Barry Ditewig

Personal information
- Full name: Barry Ditewig
- Date of birth: 14 October 1977 (age 48)
- Place of birth: Veenendaal, Netherlands
- Height: 1.91 m (6 ft 3 in)
- Position: Goalkeeper

Youth career
- VRC
- 1995–1996: Feyenoord

Senior career*
- Years: Team / Apps / (Gls)
- 1996–1999: DOVO
- 1999–2002: Heerenveen / 7 / (0)
- 2002–2004: Emmen / 65 / (0)
- 2004: SC Joure
- 2005–2009: Veendam / 157 / (0)
- 2009–2010: ADO Den Haag / 20 / (0)
- 2010–2013: Achilles '29 / 89 / (0)
- 2013–2016: Spakenburg / 87 / (0)
- 2016–2017: Alcides
- 2017–2019: ONS Sneek / 55 / (0)

= Barry Ditewig =

Dutch footballer

Barry Ditewig (/nl/; born 14 October 1977) is a Dutch retired footballer who played as a goalkeeper.

==Club career==
Ditewig started his career at SC Heerenveen, and later played two seasons for FC Emmen. After the two seasons in Drenthe and a short spell at amateur club SC Joure, he went to play five successful seasons for BV Veendam where he was the first goalkeeper. However, in 2009, he was told that his contract would not be extended. He chose to play for Team VVCS, a team that tries to earn players without a contract another club. After some good performances, ADO Den Haag, whose had trouble finding keepers, chose to sign Ditewig.

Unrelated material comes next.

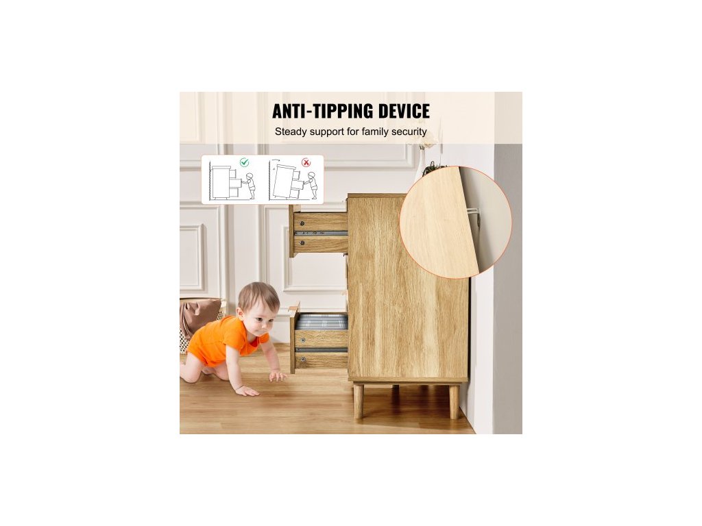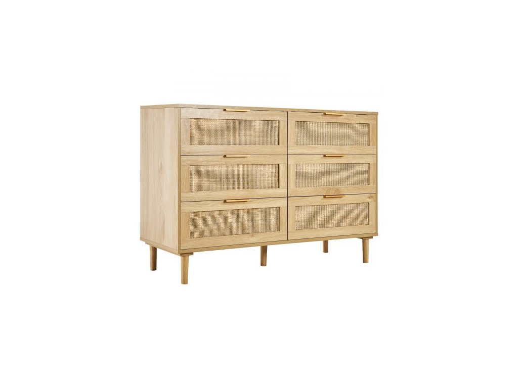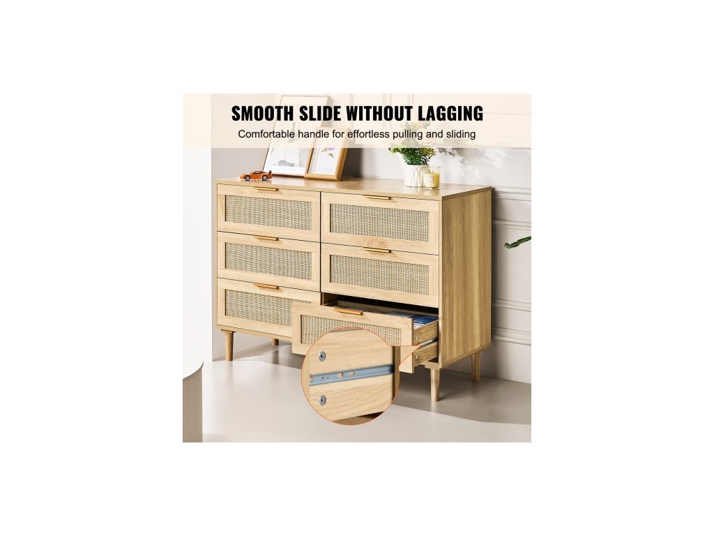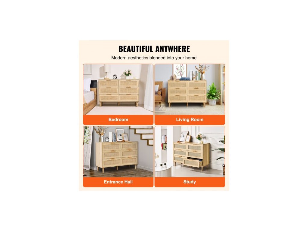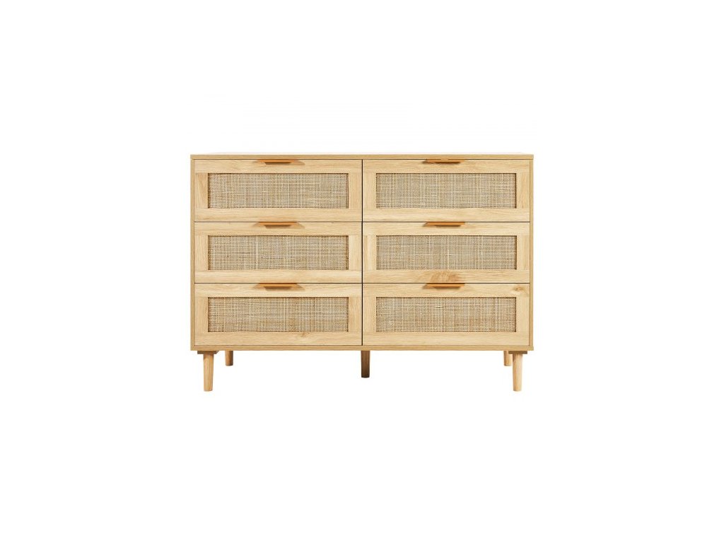 Ratanová komoda se 6 zásuvkami, Boho komoda, Ratanová komoda s prostorným úložným prostorem, Komoda z přírodního ratanu do ložnice, obývacího pokoje a chodby, Ratanový noční stolek s pevnými úchyty a nohami, HnědáDostatek úložného prostoru

In 2010, Ditewig signed with Achilles '29, an amateur team playing in the Topklasse, the new third division in Dutch football. Ditewig won in his second season this Topklasse and the title of best amateur club of the Netherlands against Spakenburg with 3-0 and 0–2. He would later join Spakenburg.

In 2016, Ditewig moved to MVV Alcides. From the 2018–19 season he played for ONS Sneek. He retired from football in September 2019.

==Outside football==
Besides football, Ditewig is a sports masseur and studied physical therapy at the Hogeschool Arnhem Nijmegen.